Fact-RLHF: Factual Alignment in RLHF

Updated 1 November 2025

Fact-RLHF is a framework that augments traditional RLHF with explicit factual signals to align models closer to ground-truth, reducing hallucinations.
It combines supervised fine-tuning, human feedback, and augmented reward modeling to counteract reward hacking and unfaithful outputs in multimodal settings.
Empirical evaluations show that Fact-RLHF achieves near-GPT-4 performance on benchmarks like LLaVA-Bench, setting new standards for factual consistency.

Factually Augmented RLHF (Fact-RLHF) is a framework that extends reinforcement learning from human feedback (RLHF) with factual signals, aiming to align large models—especially vision-language and LLMs—more robustly with ground-truth information and minimize hallucinated outputs. Fact-RLHF has emerged as a response to demonstrated failures of preference-only RLHF to enforce factual correctness, enabling scalable, data-efficient, and robust training for trustworthy multimodal and LLMs.

1. Background and Motivation

RLHF enables agent alignment without hand-crafted reward functions by leveraging human feedback, typically by training a reward model to mimic human preferences between outputs.
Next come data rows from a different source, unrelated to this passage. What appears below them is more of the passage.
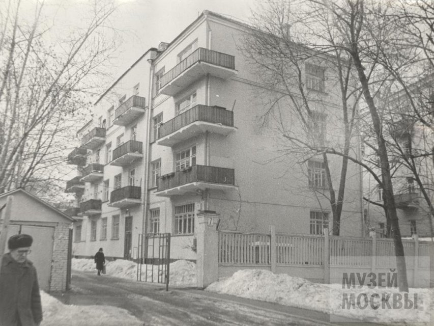 Фотография. Воротниковский переулок, д.7, стр.1. Вид на главный и боковой фасады здания. Март 1988 г. Панков А.С.
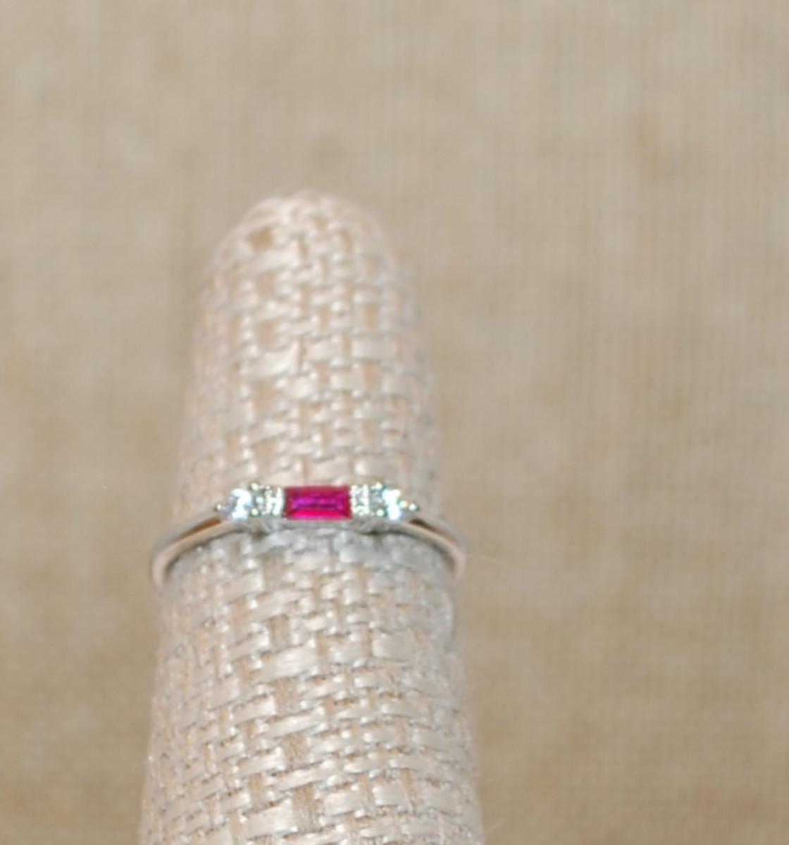 Size 9 Marked .925 Delicate RED Rectangle Stone Ring with 2 Round Clear Stone Sides on a Silver Band (1.2g)
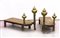 Coppia di antichi alari in ferro battuto con pomoli in bronzo tornito,...

However, standard RLHF—especially in large multimodal models (LMMs) and LLMs—is susceptible to several critical problems:

Multimodal Misalignment: In LMMs, generated textual outputs may not be properly grounded in visual input, frequently resulting in hallucinations, i.e., text not supported by image content (Sun et al., 2023).
Reward Hacking: Models may exploit weaknesses in the reward model to generate superficially high-scoring, yet misleading or verbose outputs, deviating further from truthful or factually correct content (Sun et al., 2023).
Sparse Factual Supervision: RLHF typically relies on holistic, end-to-end response preference data, which may conflate fluency with factuality, further entrenching hallucinations or ungrounded statements (Sun, 2023, Kaufmann et al., 2023).

Fact-RLHF directly addresses these deficits by augmenting the training pipeline with explicit factual information—either in the reward modeling process or the optimization objective—to enhance the detection and penalization of hallucinated or unfaithful outputs, especially in multi-modal contexts.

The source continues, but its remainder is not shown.